Lower courts ruling after Musladin have heeded this directive and have denied habeas corpus relief in situations in which state courts did not rule contrary to or unreasonably apply clearly established United States Supreme Court holdings (not dicta). See, e.g., Nguyen v. Garcia, 477 F.3d 716 (9th Cir.2007); Locke v. Cattell, 476 F.3d 46 (1 st Cir.2007); Stewart v. Secretary, Department of Corrections, 476 F.3d 1193 (11th Cir.2007).

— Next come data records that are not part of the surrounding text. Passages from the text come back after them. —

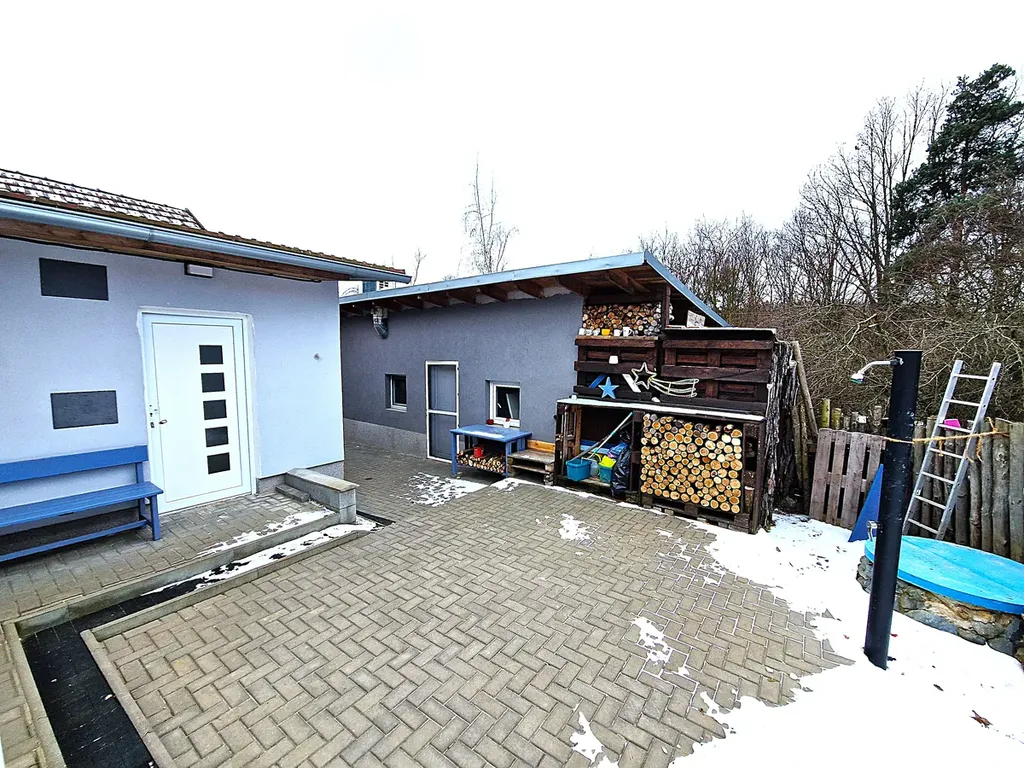 Prostor pro parkování je dostatečně zajištěn s možností až čtyřech parkovacích míst, což je ideální pro rodinu s více vozy. Dům disponuje také praktickým sklepem o velikosti 16 m², který poskytuje dodatečný úložný prostor. Výborná dostupnost je zajištěna díky blízkosti vlakového nádraží, autobusové zastávky a přístupu po silnici.
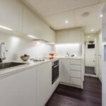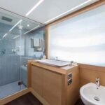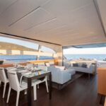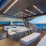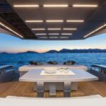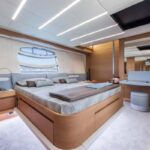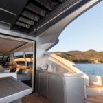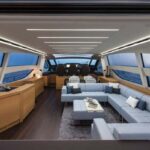 With the galley down in the crew area and low-level furnishings throughout the main deck, the salon is surrounded on all sides by glass. When the sunroof opens up and the cockpit doors slide down and away, the entire main deck becomes one huge living room, with an extending glass-and-steel dining table forward, a silver-lacquered cockpit table aft, and between them an enormous and luxuriously upholstered leather sofa.
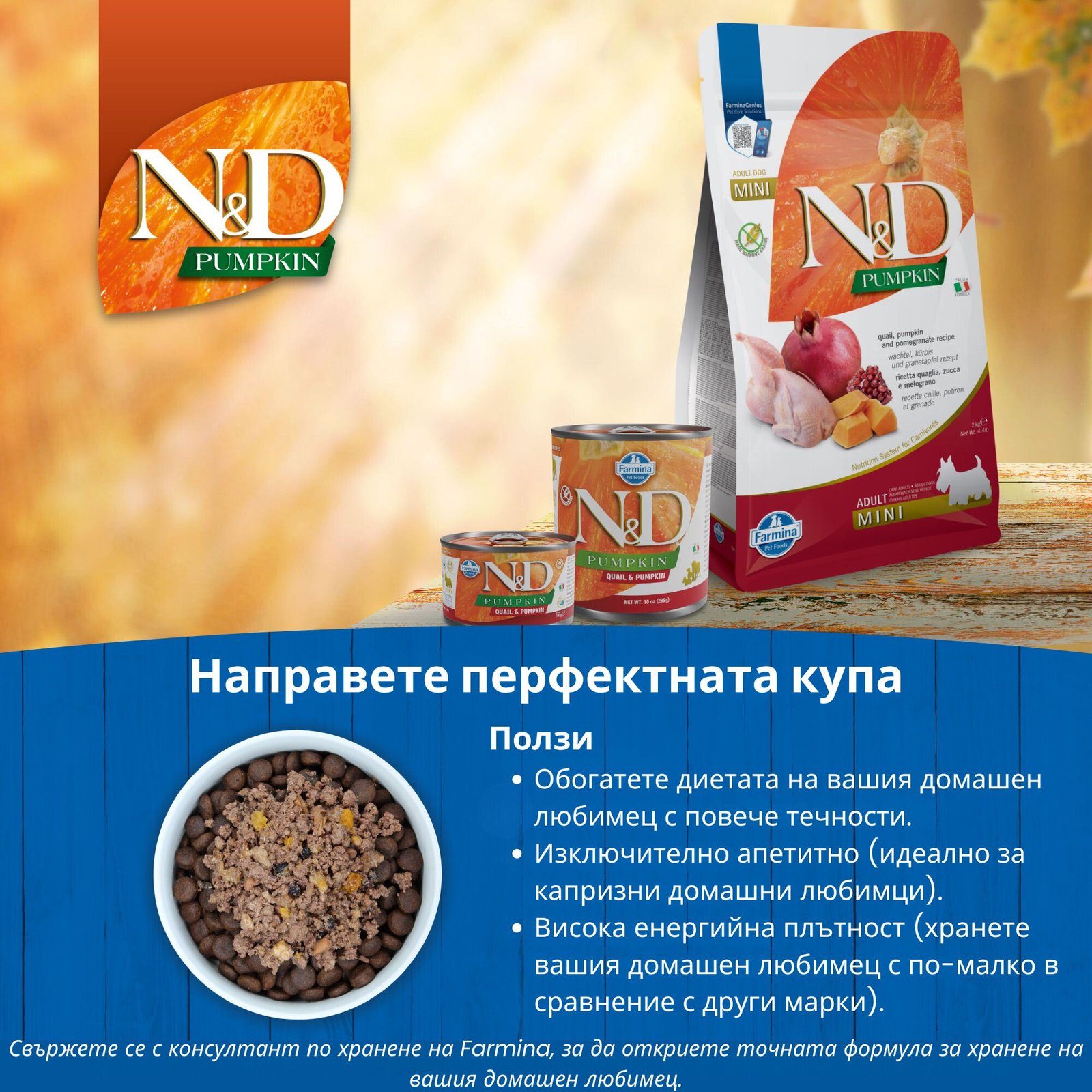 N&D Pumpkin & Quail Adult dog – пълноценна мокра храна без зърнени култури за кучета от всички породи в зряла възраст с пъдпъдък и тиква, консерва 285г.
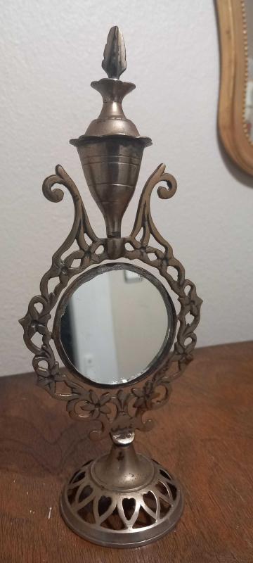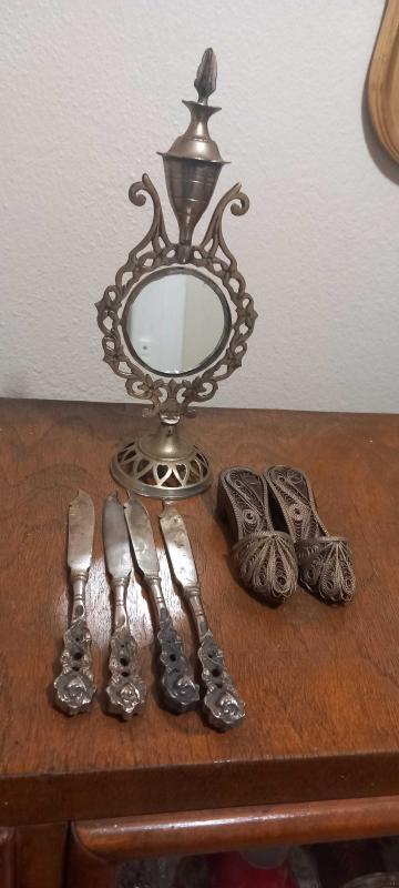 Eskilerden büyük boy aynalı prinç sürmedanlık 4 ad prinç bıçak 1 çift telkari nalın başlıklı antika/koleksiyon objesi Asya menşe’lidir. 1950-1999 arası dönemine aittir.
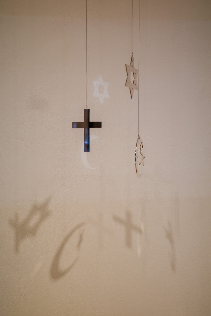 A marionette puppet with the three symbols of Abrahamic religions. Light spots and shadows of the symbols cast against the wall, the composition questioning faith and social structures (good and evil). Excellent example of a topic that seems more and more relevant with time passing.
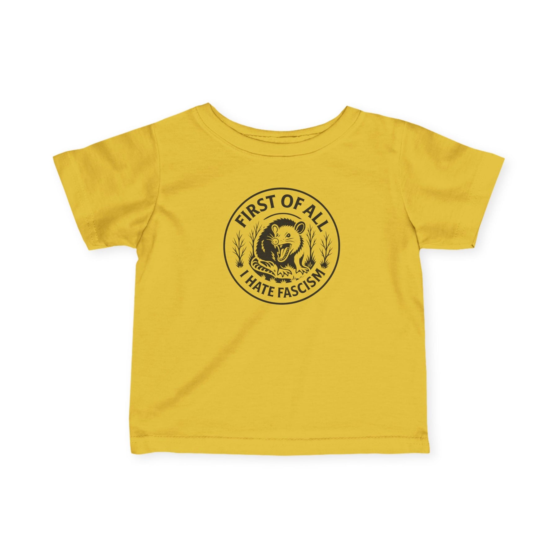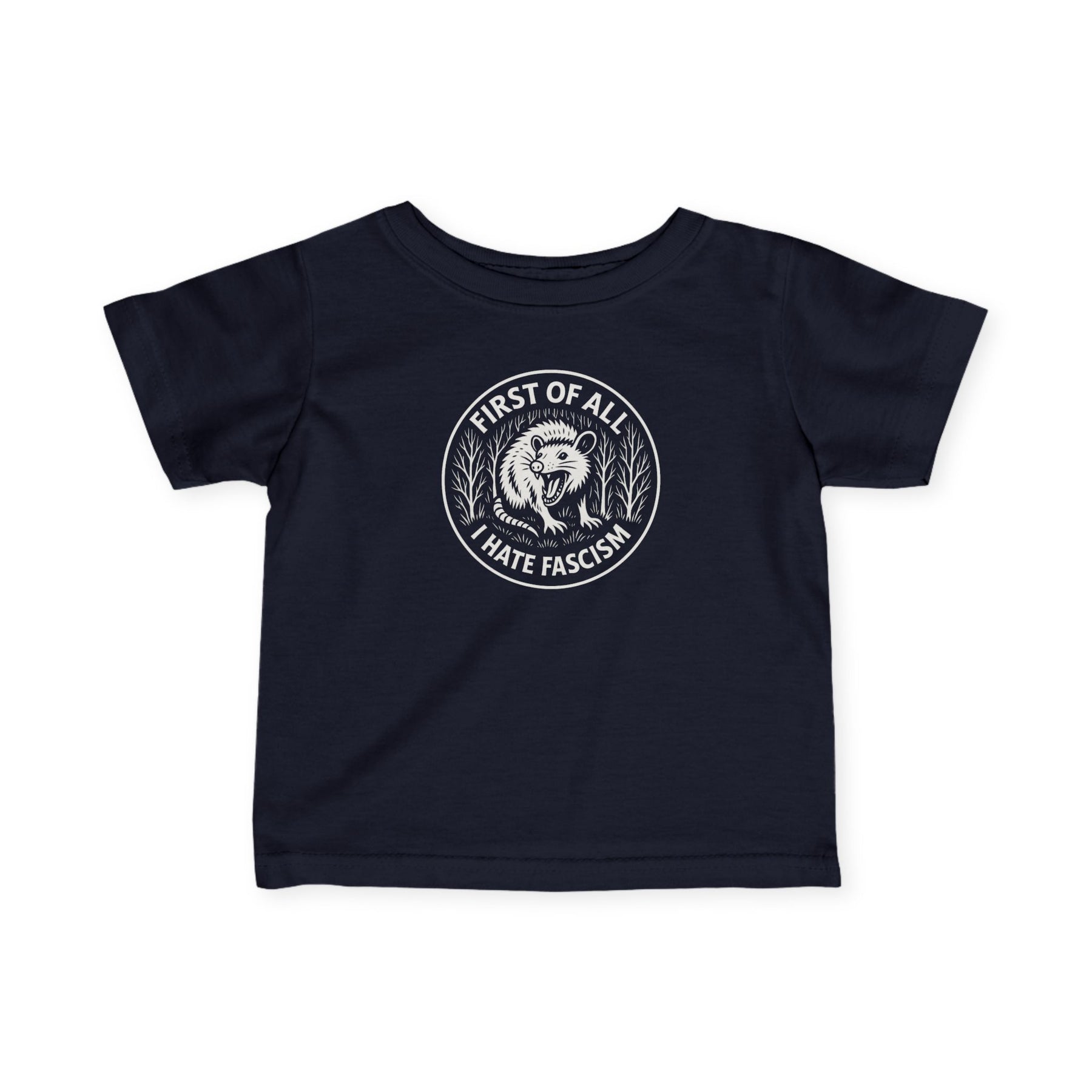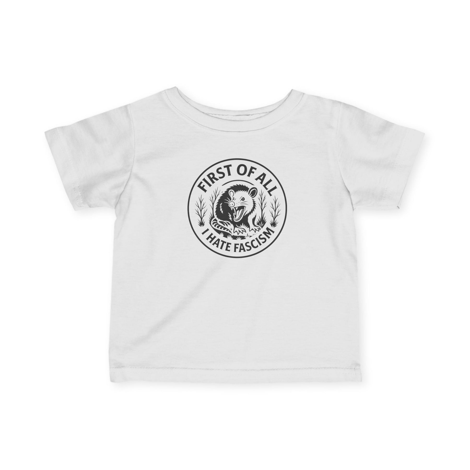 First of All I Hate Fascism Opossum – Infant Fine Jersey T-Shirt
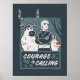 Frozen 2 | This woodcut style design features Sven, Kristoff, and Olaf standing in the forest with a panel that reads "Courage is Calling".
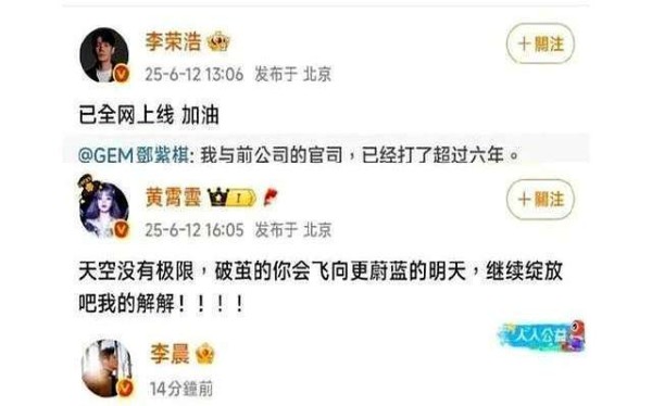紧接着,黄霄云、王嘉尔这些新生代歌手也纷纷声援。
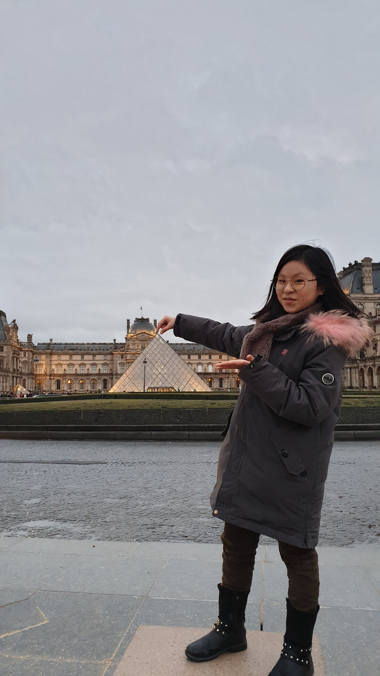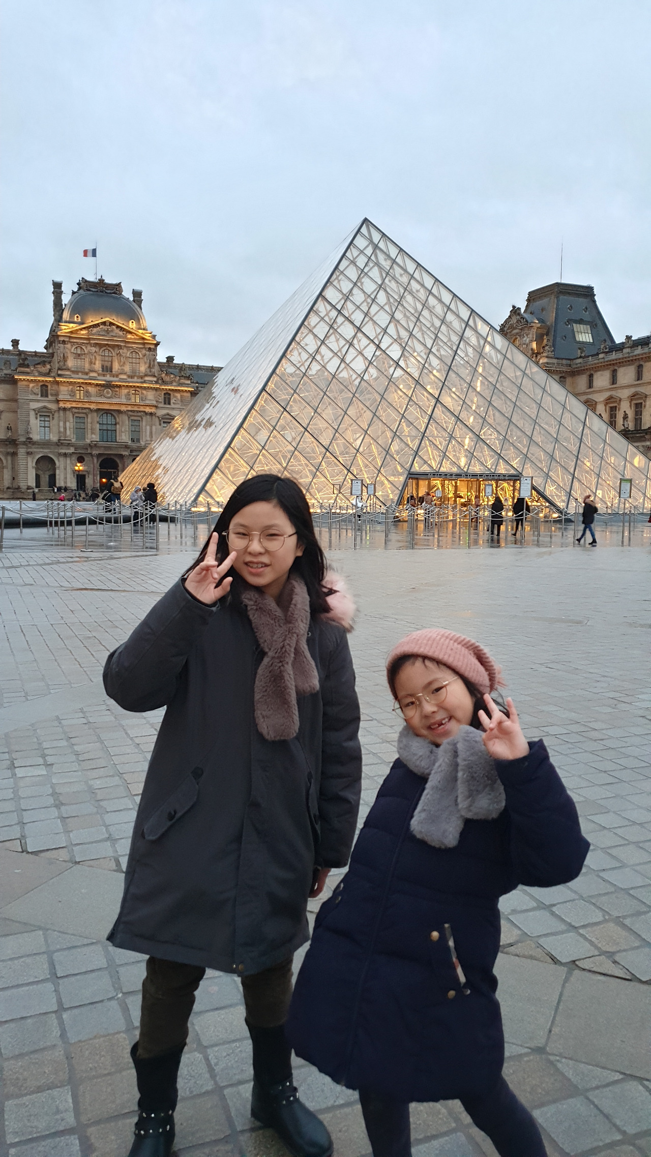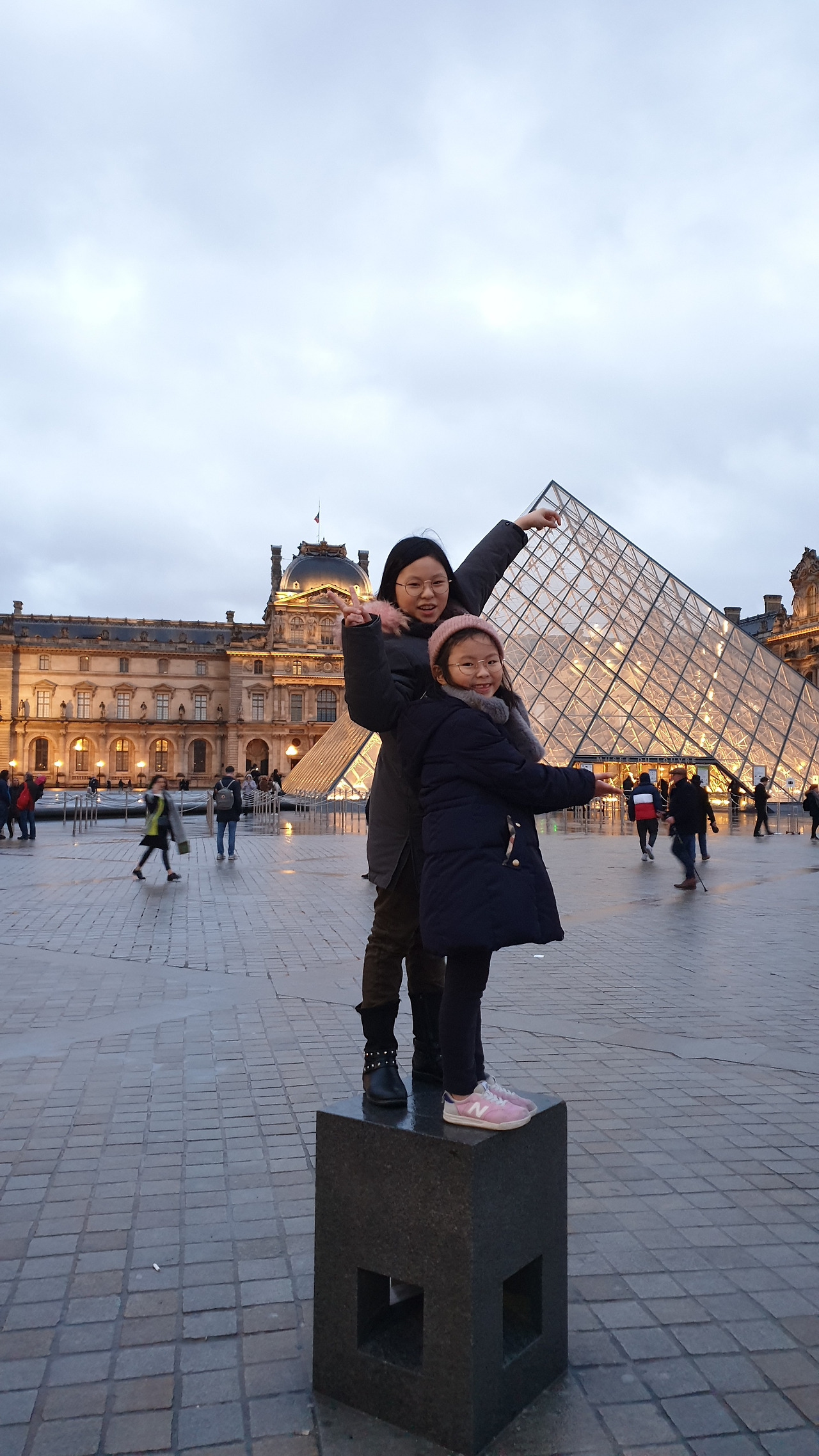 루브르 박물관 내에서 사람에 치이며 만보에 가까운 걸음을 재촉하다 보니 몸과 마음이 버거웠을 무렵 문득 창밖을 바라보니 새로운 여유의 세계가 열린다. 아이들 또한 이 그림이 저 그림 같고 저 그림이 이 그림 같은 느낌을 받은 건지 창밖을 한참이나 바라본다. 하루 만에 다 볼 수 없는 규모인걸 어쩌겠니. 우리만의 관람규칙대로 굵직굵직한 작품만 보고 오디오북으로 내용을 이해했으니 여기까지 보는 걸로! 북적대는 곳에서 워크북 정리를 하지 못해 information앞 소파에 앉아 마무리하고 피라미드 실물을 보기로 하고 나선다.
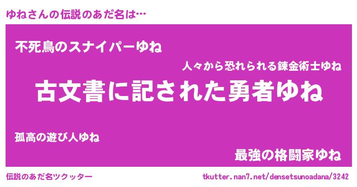 | 男性向けラノベタイトル風あだ名 | 『ゆね~年齢イコール彼女いない歴の魔法使い~』 |
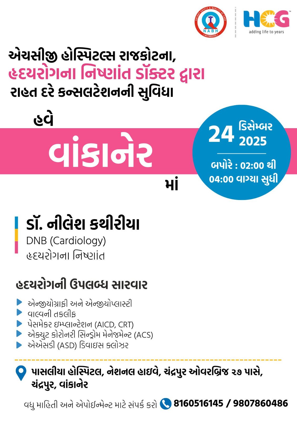 વાંકાનેરની પાસલીયા હોસ્પિટલ ખાતે આવતીકાલ તા. 24 ડિસેમ્બર, બુધવારના રોજ રાજકોટની નામાંકિત એચસીજી હોસ્પિટલના હૃદય રોગના નિષ્ણાંત ડો. નિલેશ કથીરીયાની રાહત દરે કન્સલટેશન ઓપીડીનું આયોજન કરવામાં આવ્યું હોય, જેમાં દરેક પ્રકારના હૃદય રોગોનું સારવાર તથા સચોટ નિદાન કરવામાં આવશે, જેનો લાભ લેવા વાંકાનેર વિસ્તારના દર્દીઓને અનુરોધ કરાયો છે….
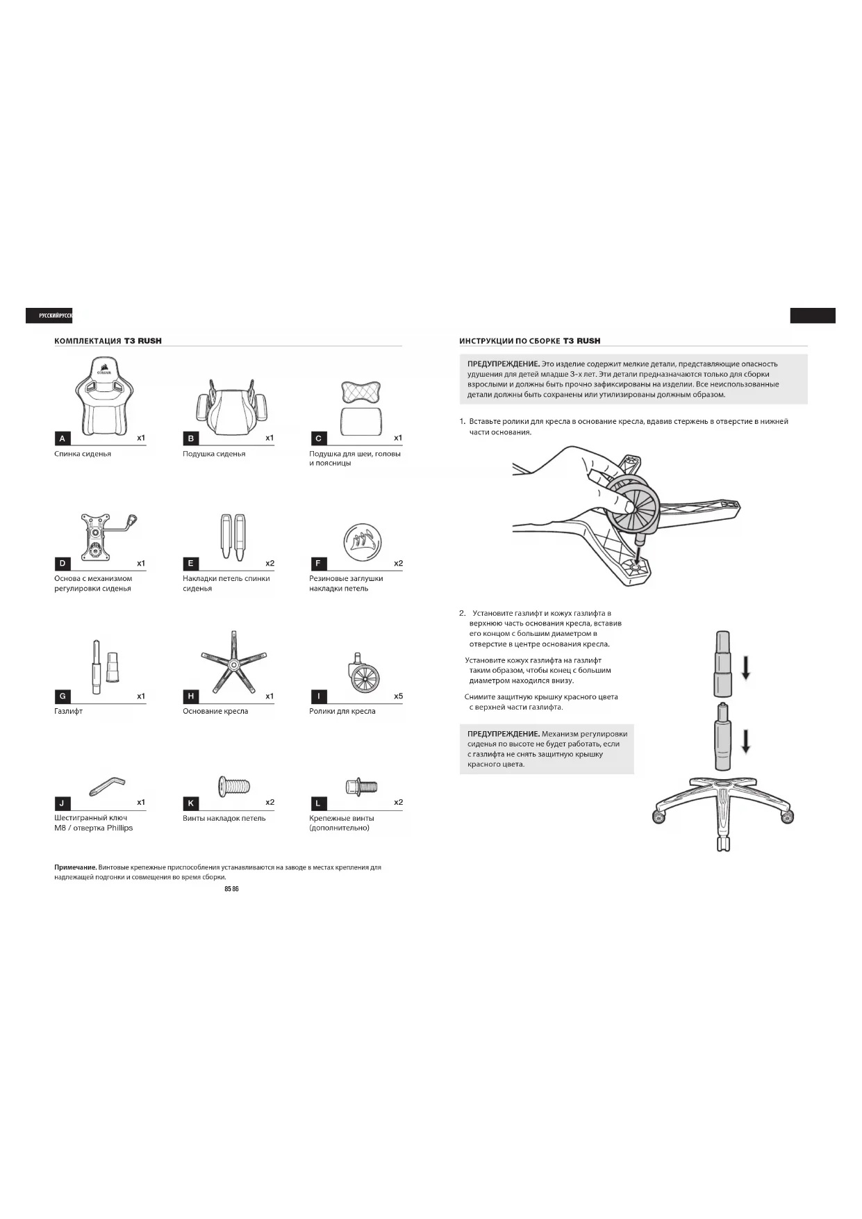 Ролики для кресла Резиновые заглушки накладки петель Крепежные винты (дополнительно) ПРЕДУПРЕЖДЕНИЕ. Это изделие содержит мелкие детали, представляющие опасность удушения для детей младше 3-х лет. Эти детали предназначаются только для сборки взрослыми и должны быть прочно зафиксированы на изделии. Все неиспользованные детали должны быть сохранены или утилизированы должным образом. ПРЕДУПРЕЖДЕНИЕ. Механизм регулировки сиденья по высоте не будет работать, если с газлифта не снять защитную крышку красного цвета. ИНСТРУКЦИИ ПО СБОРКЕ T3RUSH
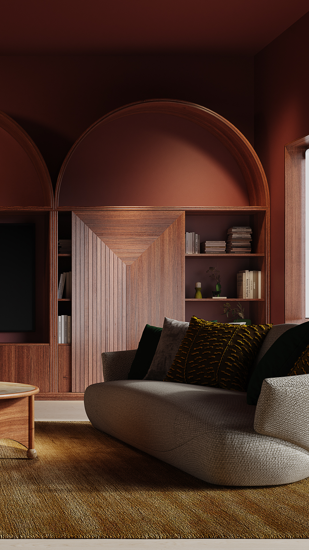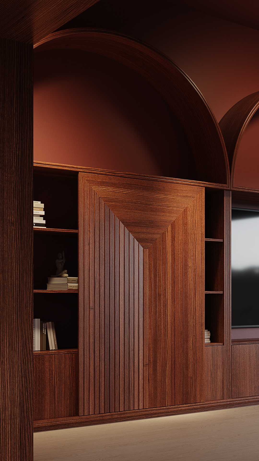 Я.М.: Стелаж мав не лише бути функціональним, але й вписатись у простір у класичному стилі, додати йому французського шарму — пом’якшити геометрію кесоновнаної стелі та прямі лінії в оздобленні вітальні. Так з’явилися пластичні арки. Стелаж став місцем, де зберігаються не лише книги, а й мистецтво — замовниця обожнює предмети українських митців та вінтажні речі з історією. У нижніх ящиках планувалось зберігати сімейні альбоми, а також іграшки маленької доньки, яка більшість часу проводить у вітальні.

To the best of my knowledge, the United States Supreme Court has never held that an attorney is presumed to be ineffective if he participates in a plea hearing by speaker phone rather than by physical appearance. No such case has been cited to us and no factual situation of this nature has come to the court's attention. Thus, I do not conclude that the decision of the Wisconsin Court of Appeals was erroneous. The Majority has not followed the language in Musladin where Justice Thomas, writing for the Court, holds that “given the lack of holdings from this Court regarding the potentially prejudicial effect of spectators' courtroom conduct” ․ “the Court of Appeals improperly concluded that the California Court of Appeal's decision was contrary to or an unreasonable application of clearly established federal law as determined by this Court,” Musladin, 127 S.Ct. at 654, In Van Patten's case the record reveals no prejudice to the petitioner and the petitioner did not object during the proceedings. Therefore, I respectfully DISSENT from the court's erroneous decision to allow Van Patten v. Deppisch to stand as written.